• DATA EXTRACT

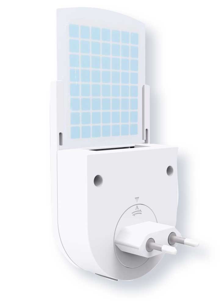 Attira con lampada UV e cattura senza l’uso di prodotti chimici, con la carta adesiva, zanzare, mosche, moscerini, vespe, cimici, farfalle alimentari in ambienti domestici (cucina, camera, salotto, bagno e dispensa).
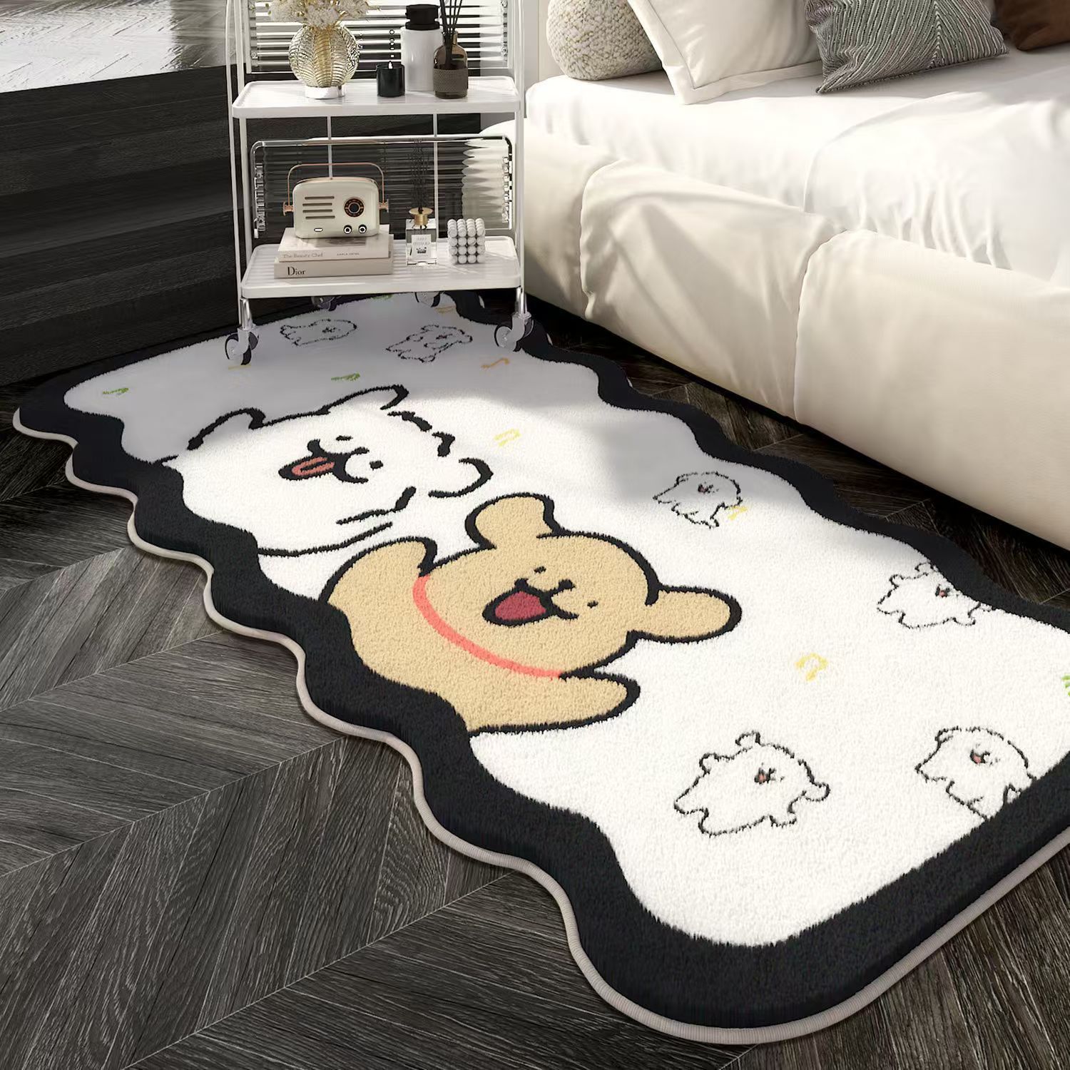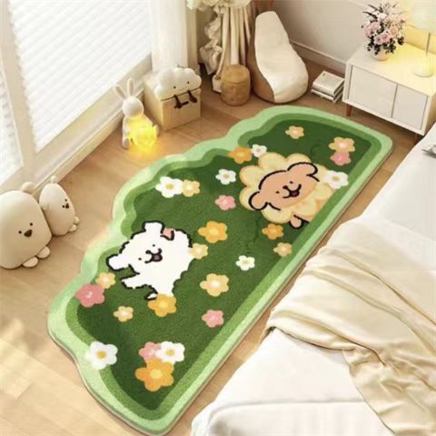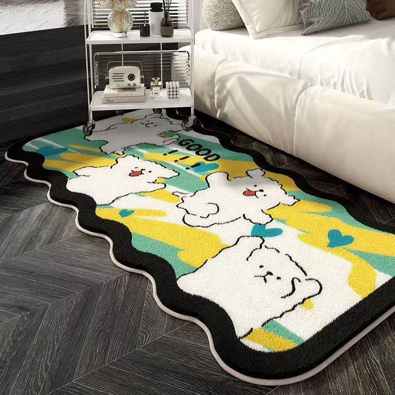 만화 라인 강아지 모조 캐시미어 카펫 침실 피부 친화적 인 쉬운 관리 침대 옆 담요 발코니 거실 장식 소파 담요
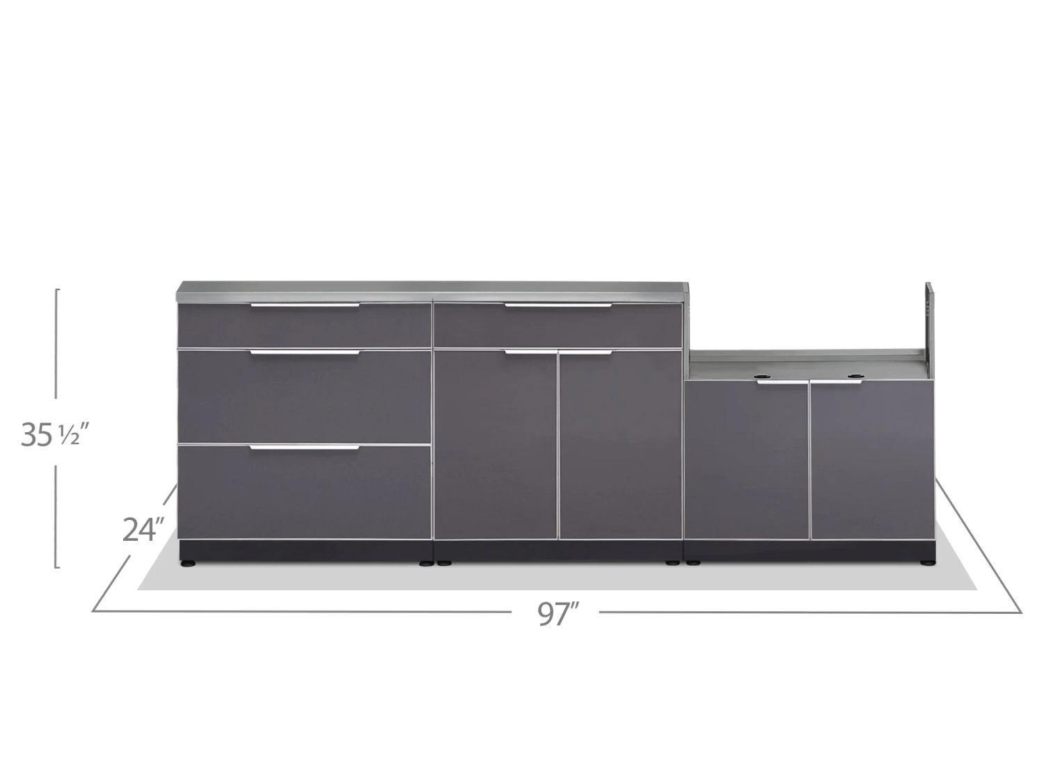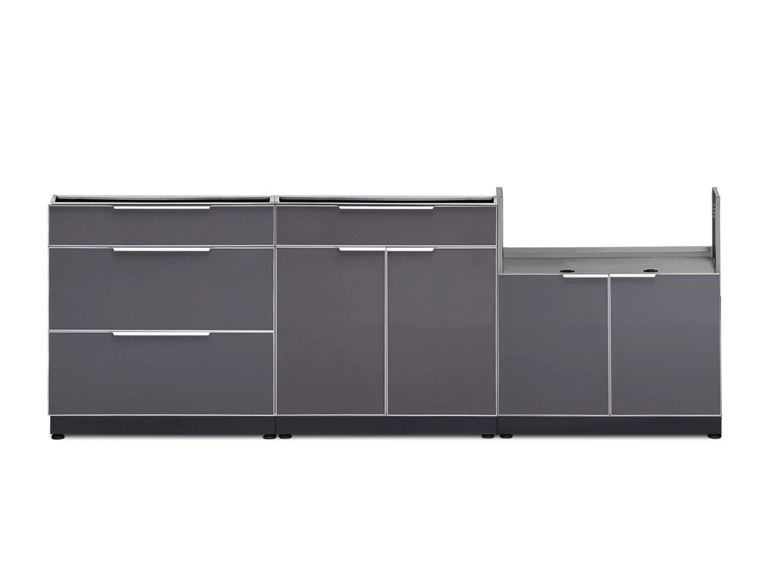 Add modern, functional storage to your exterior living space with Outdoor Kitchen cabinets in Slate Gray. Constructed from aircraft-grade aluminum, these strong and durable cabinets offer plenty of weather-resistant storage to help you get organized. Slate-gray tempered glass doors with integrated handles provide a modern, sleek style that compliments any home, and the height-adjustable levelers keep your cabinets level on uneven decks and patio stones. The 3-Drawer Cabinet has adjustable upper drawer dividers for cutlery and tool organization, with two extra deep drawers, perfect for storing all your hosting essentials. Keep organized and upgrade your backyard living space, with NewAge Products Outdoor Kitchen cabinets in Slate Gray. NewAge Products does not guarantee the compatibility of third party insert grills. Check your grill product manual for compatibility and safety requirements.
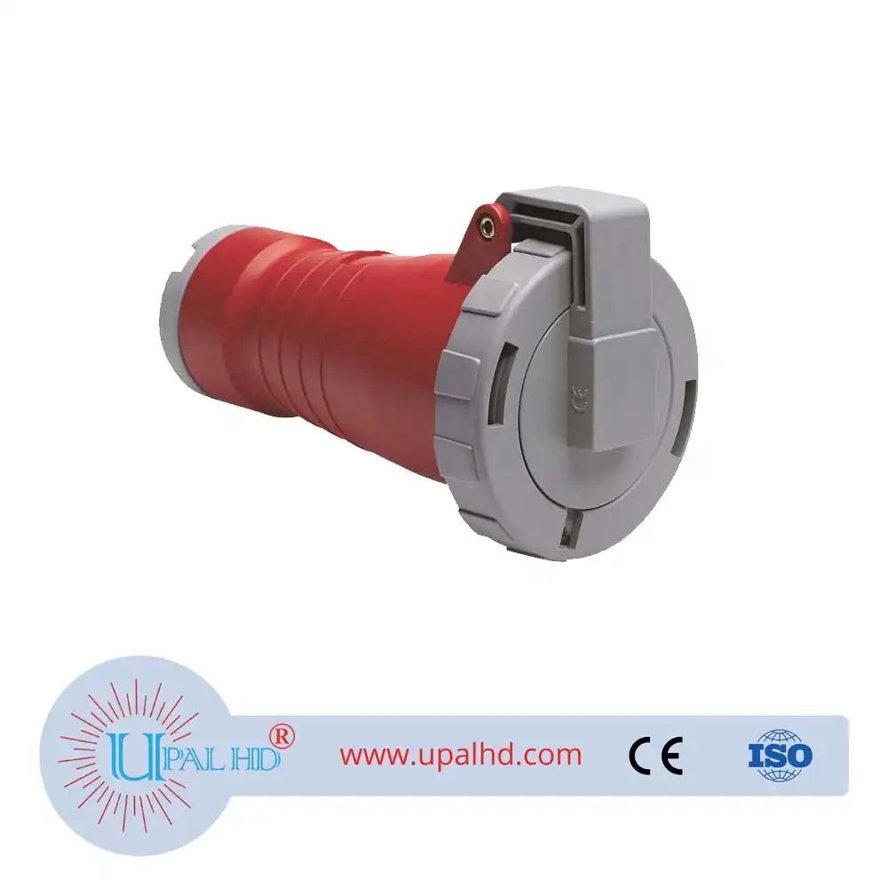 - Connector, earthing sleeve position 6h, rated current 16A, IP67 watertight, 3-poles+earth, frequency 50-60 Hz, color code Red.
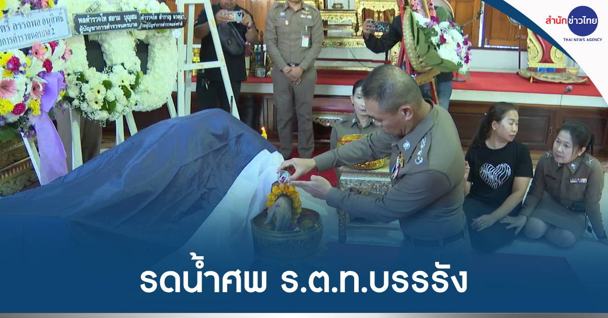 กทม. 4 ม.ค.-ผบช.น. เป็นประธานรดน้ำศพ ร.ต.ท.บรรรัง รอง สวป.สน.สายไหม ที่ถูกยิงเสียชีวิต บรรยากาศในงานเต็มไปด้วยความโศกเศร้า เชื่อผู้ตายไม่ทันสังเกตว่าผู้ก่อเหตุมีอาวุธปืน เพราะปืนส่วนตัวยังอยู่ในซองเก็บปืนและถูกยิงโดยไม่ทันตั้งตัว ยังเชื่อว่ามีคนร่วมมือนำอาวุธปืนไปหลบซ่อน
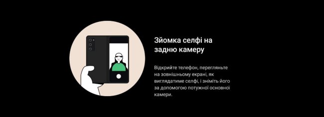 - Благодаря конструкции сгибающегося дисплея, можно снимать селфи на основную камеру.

• TASK TO COMPLETE
Please print the entries shown above again, exactly, and skip the pictures.

• SOLUTION
 Attira con lampada UV e cattura senza l’uso di prodotti chimici, con la carta adesiva, zanzare, mosche, moscerini, vespe, cimici, farfalle alimentari in ambienti domestici (cucina, camera, salotto, bagno e dispensa).
 만화 라인 강아지 모조 캐시미어 카펫 침실 피부 친화적 인 쉬운 관리 침대 옆 담요 발코니 거실 장식 소파 담요
 Add modern, functional storage to your exterior living space with Outdoor Kitchen cabinets in Slate Gray. Constructed from aircraft-grade aluminum, these strong and durable cabinets offer plenty of weather-resistant storage to help you get organized. Slate-gray tempered glass doors with integrated handles provide a modern, sleek style that compliments any home, and the height-adjustable levelers keep your cabinets level on uneven decks and patio stones. The 3-Drawer Cabinet has adjustable upper drawer dividers for cutlery and tool organization, with two extra deep drawers, perfect for storing all your hosting essentials. Keep organized and upgrade your backyard living space, with NewAge Products Outdoor Kitchen cabinets in Slate Gray. NewAge Products does not guarantee the compatibility of third party insert grills. Check your grill product manual for compatibility and safety requirements.
 - Connector, earthing sleeve position 6h, rated current 16A, IP67 watertight, 3-poles+earth, frequency 50-60 Hz, color code Red.
 กทม. 4 ม.ค.-ผบช.น. เป็นประธานรดน้ำศพ ร.ต.ท.บรรรัง รอง สวป.สน.สายไหม ที่ถูกยิงเสียชีวิต บรรยากาศในงานเต็มไปด้วยความโศกเศร้า เชื่อผู้ตายไม่ทันสังเกตว่าผู้ก่อเหตุมีอาวุธปืน เพราะปืนส่วนตัวยังอยู่ในซองเก็บปืนและถูกยิงโดยไม่ทันตั้งตัว ยังเชื่อว่ามีคนร่วมมือนำอาวุธปืนไปหลบซ่อน
 - Благодаря конструкции сгибающегося дисплея, можно снимать селфи на основную камеру.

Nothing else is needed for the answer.